Nunatsiaq News – Dr. Anna Banerji, an associate professor at the University of Toronto, who works in public health, pediatrics and infectious diseases, said Nunavut’s Health Department is not doing enough to protect Inuit babies from RSV. She said all Inuit babies should be considered high risk since Inuit babies born at full term still have higher rates of hospital admissions with RSV than babies in the south who are born early or are high risk for other reasons.
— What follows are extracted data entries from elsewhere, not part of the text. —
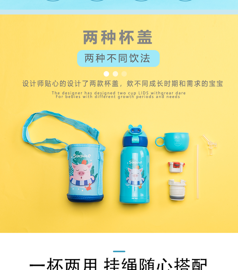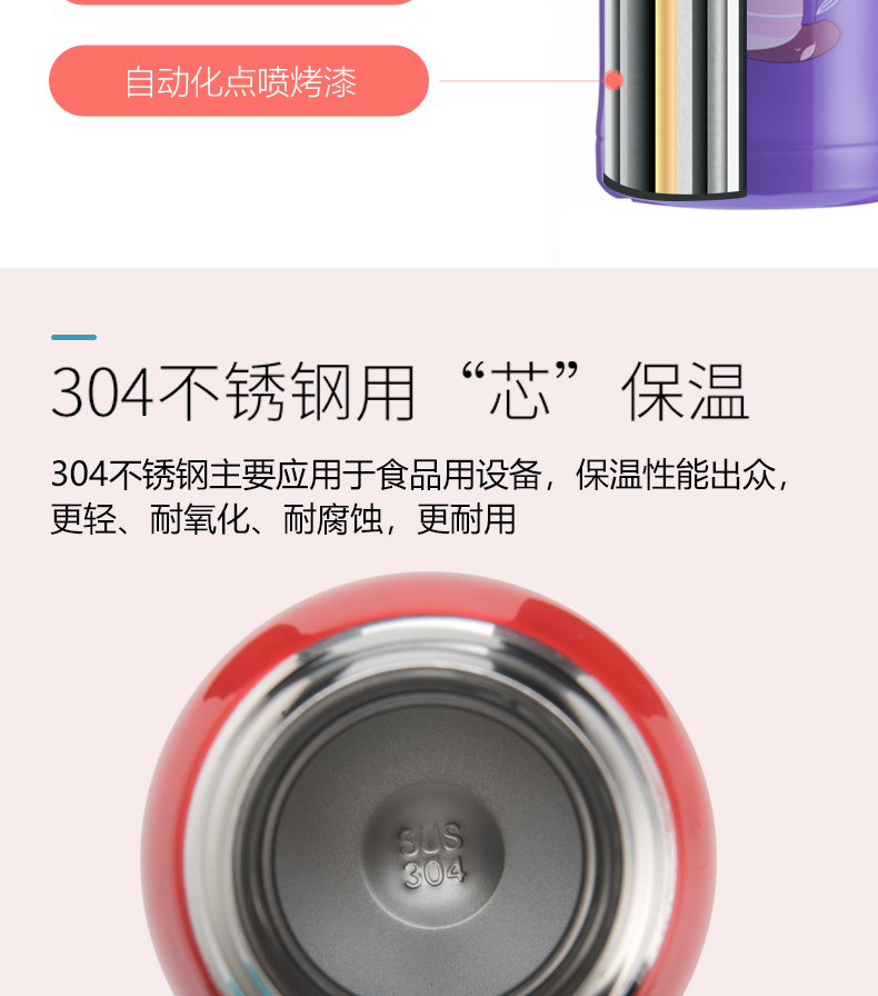 【304不锈钢内胆】6小时持久强效控温,耐氧化,耐腐蚀,更耐用,弹跳式开关,热水开盖不喷溅,一杯两用,挂绳随心搭配,轻量设计让宝宝轻松出行【七天无理由退换】
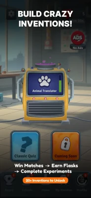 • Invite a friend or get auto-matched with a new opponent. • Answer questions as fast and accurately as you can, the quicker mind wins the round! • Earn experiment flasks with every victory and use them to build wild inventions: teleporting toasters, animal translators, time-bending coffee machines, and more! Features Play with friends: Challenge anyone to a trivia duel in seconds. Fast-paced fun: Short, intense rounds keep the energy high. Global matchmaking: Compete against players around the world. 750+ categories: Endless variety keeps every match fresh. Collect & create: Win flasks and complete crazy lab experiments. Whether you’re hanging out with friends or looking for a quick brain-boost, Quiz Battle: Think Fast is the perfect blend of competition, creativity, and fun. So... Ready to test your brainpower and challenge your crew? Download Quiz Battle: Think Fast now and let the trivia battles begin!
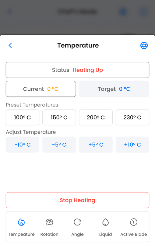 The second challenge was to allow users to quickly swap between functions in Chef's Mode, namely the "Active Blade", "Temperature", "Pot Rotation", "Pot Angle" and "Liquid" functions. To solve this, I utilized the same bottom taskbar design that is seen in the Home page. This similarity in design language not only helped users understand the functionality of this taskbar, but allowed users to immediate toggle between these difference functions, increasing the speed users could perform each step, reducing human delay and error.
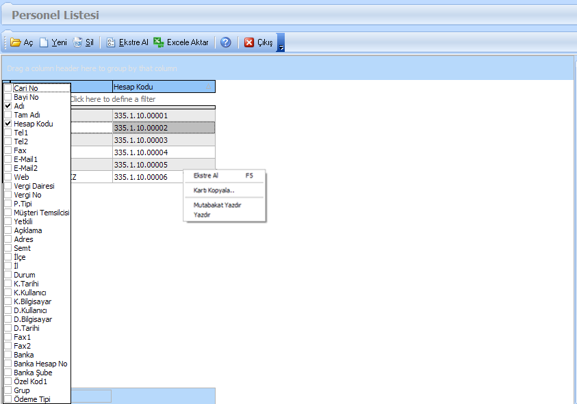 Programda tanımlamalardaki (stok ekranı hariç) liste ekranlarının tümünde fare ile sağ tıkladığımızda aşağıdaki listeyi getirecektir.
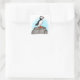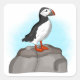 Art numérique tiré à la main Puffin debout sur un rocher avec arrière - plan bleu.
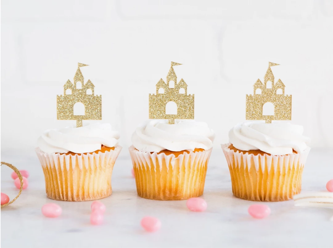 Enchant your party guests with our Princess Castle Cupcake Toppers. These gold glitter Castles Toppers create a wonderful decoration for any of your party food. Add them to cupcakes, brownies, appetizers or any other tasty treats!
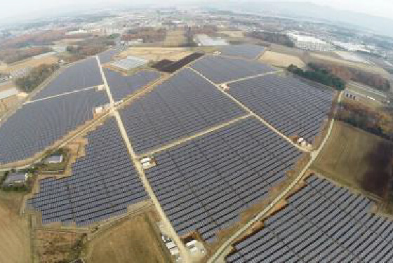 ゴルフ場跡地の約20ヘクタール(東京ドーム4個分)に約6万7千枚の太陽光パネルを設置。最大出力1万4520kwで、5千世帯分の年間電力をまかなうことができるメガソーラー施設です。
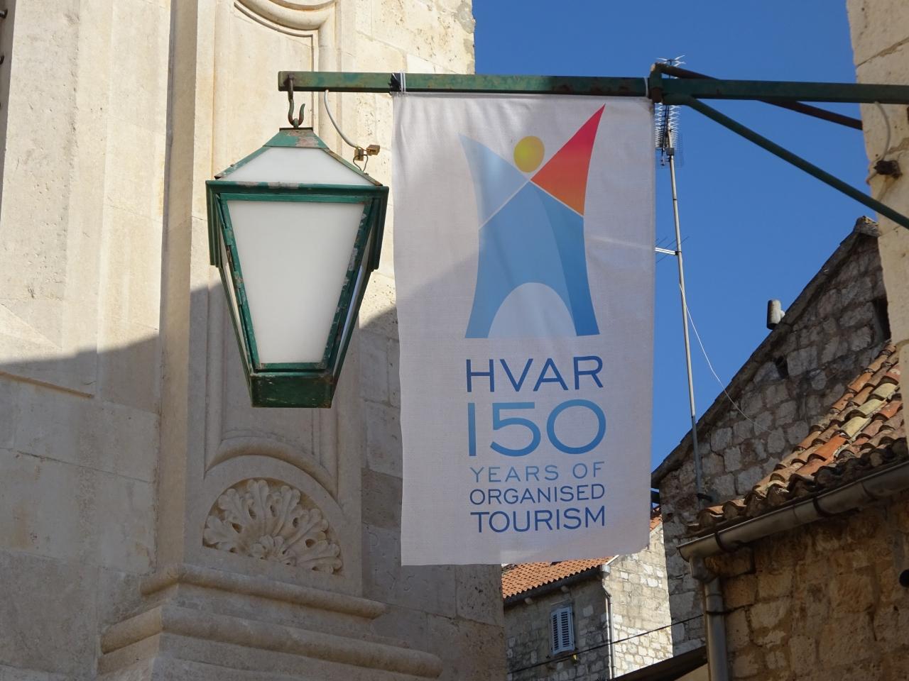 街のあちこちに旗が飾られています。観光が始まって150周年ということでしょう。 -
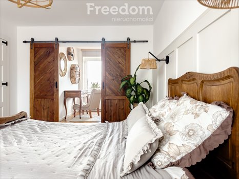 Górna kondygnacja to prawdziwa perełka tej nieruchomości – w pełni wykończona i umeblowana w wyjątkowym stylu, łączącym klasyczną elegancję z nutą francuskiego boho. Znajdują się tu dwie sypialnie (jedna powstała z połączenia dwóch pokoi), w tym przestronna sypialnia z wydzielonym gabinetem. Gabinet oddzielają stylowe drewniane drzwi. Każdy detal wnętrza zachwyca – od odrestaurowanych mebli w stylu vintage (łóżka, biurko, szafka pod telewizor) po nowoczesne zabudowy stolarskie, które idealnie komponują się z całością.
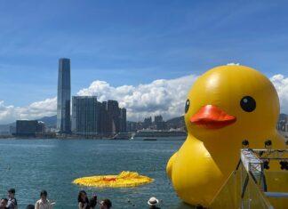 維港展出巨型橡皮鴨 一隻放氣避免風險飄浮於海面
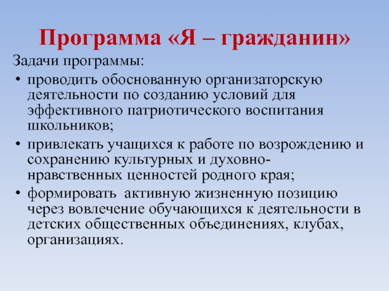 Воспитание гражданственности, патриотизма, уважения к правам,
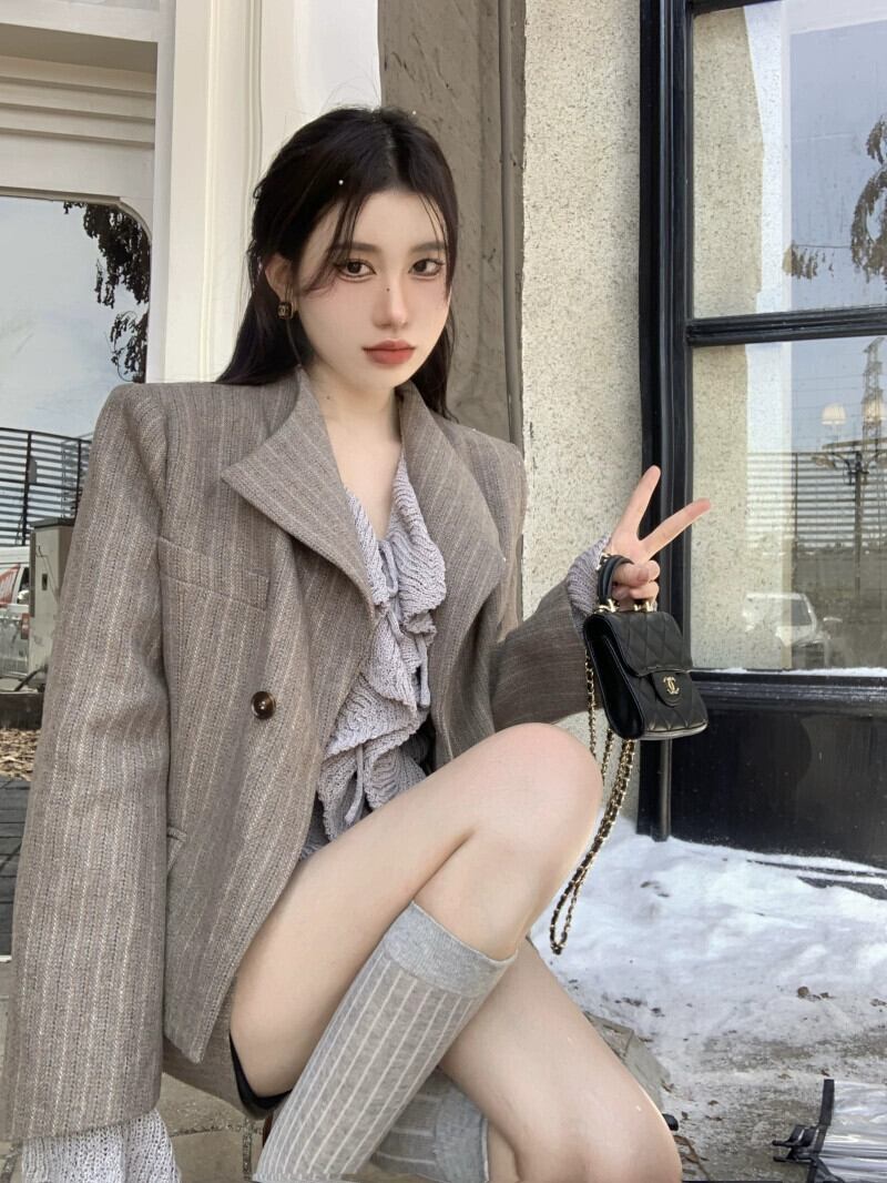 フレンチスタイルのファッションスーツの女性の夏 2023 新しいキルティングジャケットトップセータースカート 3 点セット サマー 夏物 092195189698577
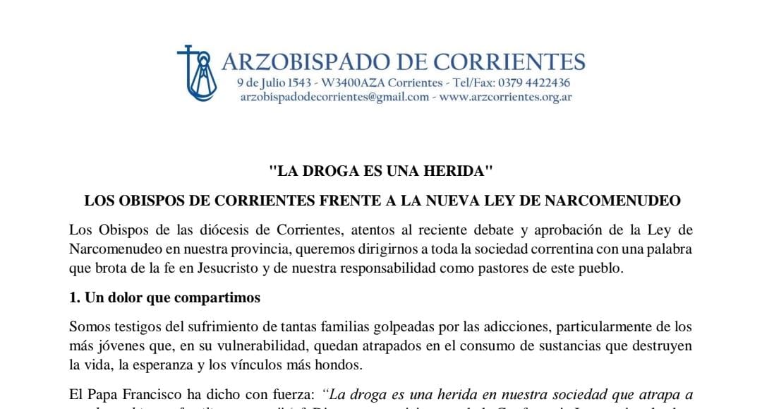 En un comunicado titulado “La droga es una herida”, los titulares de la Arquidiócesis de Corrientes y de las diócesis de Santo Tomé y Goya expresaron su preocupación por el flagelo de las drogas y llamaron a la sociedad a un “gran pacto por la vida”.
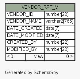 | View ESEC.ESECDBA.VENDOR_RPT_V | Generated by SchemaSpy |

Both Patterson and Banerji said factors like overcrowded housing and food insecurity make Inuit babies more at risk of contracting or developing severe complications from RSV or other viruses. Banerji said having unequal access to health care in some remote communities, and kids being exposed to second-hand smoke, are also risk factors.
In 2009, the Canadian Pediatric Association recommended all Inuit babies get the antibodies to protect them from RSV. That same year, Banerji published a study that states Nunavut has the highest hospitalization rates for RSV in the world. With cases of a respiratory virus rising across the world, those considered high risk in Nunavut will get antibodies a month ahead of schedule this year. In Nunavut and the rest of Canada only those deemed high risk, like preterm babies, are given the antibodies, called Palivizumab, to reduce the risk of hospitalization.
Banerji said it would be more cost-effective to give all babies the RSV antibodies than paying for hospital admissions and air travel to receive medical care.